Вышла вслед за анестезиологом из отделения, купила в автомате кофе и уселась на уличной лавочке, глядя наверх, в окна, за которыми лежал ее мужчина.

Распогодилось, асфальт высыхал на глазах, воздух стал густым и жарким от большой влажности. Шуршали деревья, гудели пчелиным роем машины на Симоновском валу, вдалеке звенел трамвай.

Завтра наступит лето. За один единственный месяц ее жизнь перевернулась. Кто она теперь? Что будет еще через месяц? А через год? Ни плана, ни стабильной, хорошо оплачиваемой должности, все вверх дном. Но отчего-то Ника совершенно не чувствовала себя потерянной или напуганной. Наоборот, беззаботно улыбалась. И именно теперь, именно в данную минуту, не имея ни малейшего представления, что будет происходить с ней дальше, была твердо уверена: все будет хорошо. И даже знала, благодаря кому.

Эпилог

Год и два месяца спустя


31 июля 09:18

#день_икс

Зацените видео: кошка играет с попугаем.


— Может, накатишь? Бледный ты какой-то, — Репкин выразительно кивнул в сторону закрытой полки, где за матовым стеклом угадывались очертания бутылок.

— Нет, Андрей, не хочу, — Исаев облизал пересохшие губы. — Мало ли…

— К столу-то тебя теперь все равно никто не пустит.

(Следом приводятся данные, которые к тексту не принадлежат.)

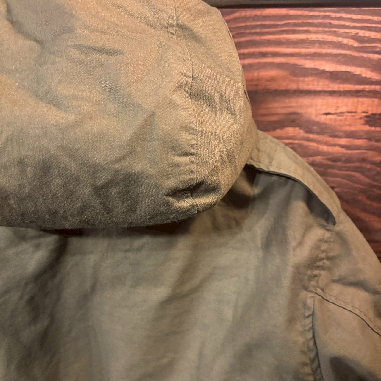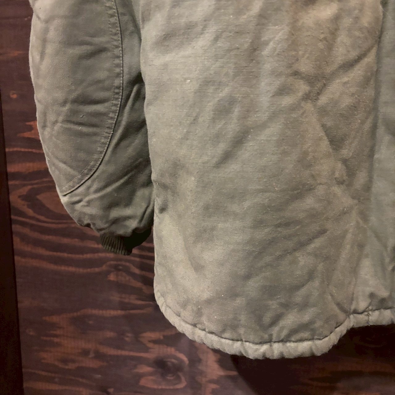 ややマットな質感のコットン×ポリエステルシェルに、中綿入りのライニングを組み合わせた構成。
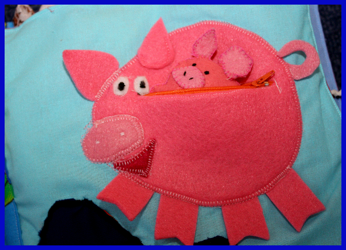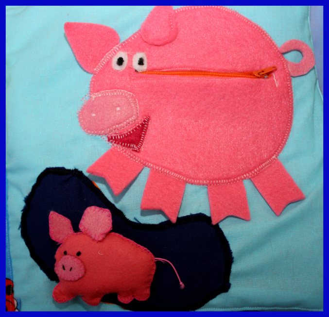 4 страничка Свинка с поросенком.Поросенок может лежать в луже(лужа шуршит),а может сидеть у мамы в кармане.Хвостик поросенка можно потянуть

Я вообще удивляюсь, как разрешил тебе присутствовать на операции… Имей в виду, с пола тебя соскребать никто не будет.

— Очень смешно! — Паша фыркнул и подошел к окну, сунув руки в карманы. — Я что, первокурсник?

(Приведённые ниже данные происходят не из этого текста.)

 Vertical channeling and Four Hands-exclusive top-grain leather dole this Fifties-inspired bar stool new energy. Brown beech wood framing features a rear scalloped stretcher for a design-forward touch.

— Ну, там не чужой тебе человек…

— Да ладно, я и сам ее оперировал… — в памяти всплыл тот день, когда он пошел на риск ради Ники.

Вот бы сегодня все прошло попроще, чем тогда! Нет, Паша доверял Репкину, хотя обычно избегал людей, которые тащатся от собственной персоны. Андрей всю стену своего кабинета завесил своими грамотами, дипломами и фотографиями с депутатами. Со вкусом у него тоже был полный швах: важно носил итальянский шелковый галстук, мазал гелем волосы, как правая рука сицилийского мафиози, а на его запястье поблескивали крупные золоченые часы, будто с черно-белой рекламы из самолетного журнала. Но только на профессионализм Репкина Исаев мог сегодня рассчитывать. Потому что Андрей Юрьевич Репкин был тем самым редким случаем, когда заведующим отделения сделали хорошего врача, а не услужливого администратора. А Нику должен был оперировать лучший.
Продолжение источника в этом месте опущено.